Report: Cost Of Financial Crisis Reached $20 Trillion
Last month, the nonpartisan financial reform organization Better Markets put out a report claiming that the total cost for the 2008 financial crisis and resulting recession reached $20 trillion [PDF]. The number comes from an estimate of how much of a toll the crash put on the gross domestic product with high unemployment/underemployment and the hollowing out of the middle class through foreclosures, deferred education, and bankruptcies.
The report draws parallels between the 2008 crash and the the crash of 1929 and Great Depression, noting that both were the result of an out of control Wall Street. After the 1929 crash, Congress put in place reforms such as Glass-Steagall Act to keep the banking sector from melting down again. Those reforms appear to have largely succeeded until their repeal in the 1990s by the Clinton Administration after lobbying by, among others on Wall Street, Citibank and Travelers Group (which would become Citigroup).
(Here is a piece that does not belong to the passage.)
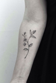 女生手臂上黑灰素描文艺小清新花朵纹身图片
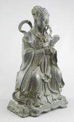 LOT 138 Ming Iron Daoist Figure of Wenchang, 12 3/8"h, 3460g (as found). Estimate: $2,000 - $3,000 Sold For: $2,000 Auction Date: Tuesday, December 09 2025 at 4:00 PM

In an odd turn of events, one of the men most responsible for the repeal of Glass-Steagall, former Citigroup CEO Sandy Weil, reversed himself and said banks like Citigroup should be broken up to achieve a safer financial system. Better late than never?
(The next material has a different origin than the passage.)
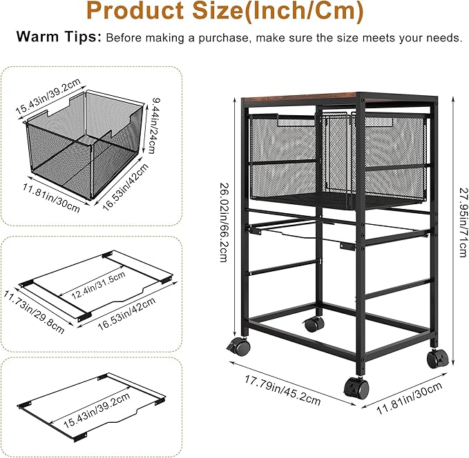 - Anti-Slipping Stopers: Equipped with anti-slipping stoppers on each tier, this hanging file cart prevents drawers from accidentally falling out from the front or back during use. Keep your files secure and organized. Perfect for file cabinet rails

Wall Street’s theoretical purpose is facilitating production by recycling savings into investment and capital formation for new businesses, but Better Markets’ report suggests that it more closely resembles vampiric rent-seeking on the real economy.
Essentially, Wall Street used its money-power to buy influence in DC, lobbying to remove its post-1929 restraints in order to return to reckless gambling with other people’s money which, not surprisingly, led to a replay of the 1929 crash. According to the report,
By the late 1990s and early 2000s, Wall Street—assisted by a wave of deregulation obtained by Wall Street lobbyists and allies—started to once again ramp up its risk-taking and, worst of all, grow bigger and bigger, which meant they posed bigger and bigger threats to the country if anything went wrong.
Wall Street banks turned their attention from feeding the economy to feeding on the economy.
Instead of focusing on socially useful activities such as funding mortgages and new businesses, Wall
Street increasingly turned to socially useless but immensely profitably activities such as placing huge
proprietary bets in the derivatives markets.
The lesson could not be clearer — let Wall Street run wild and watch your economy crater. The banking sector can not “self-regulate” or even operate under conditions of light regulation. They cannot control themselves; someone else has to take the crack-pipe from their hands. To paraphrase Thomas Jefferson, the price of financial stability is eternal regulatory vigilance.
Sadly, there is another seemingly eternal problem; Wall Street’s ability to buy influence in government. There are already calls to repeal the meager Dodd-Frank reforms in favor of a return to “self-regulation.” Do we really want to run the experiment again?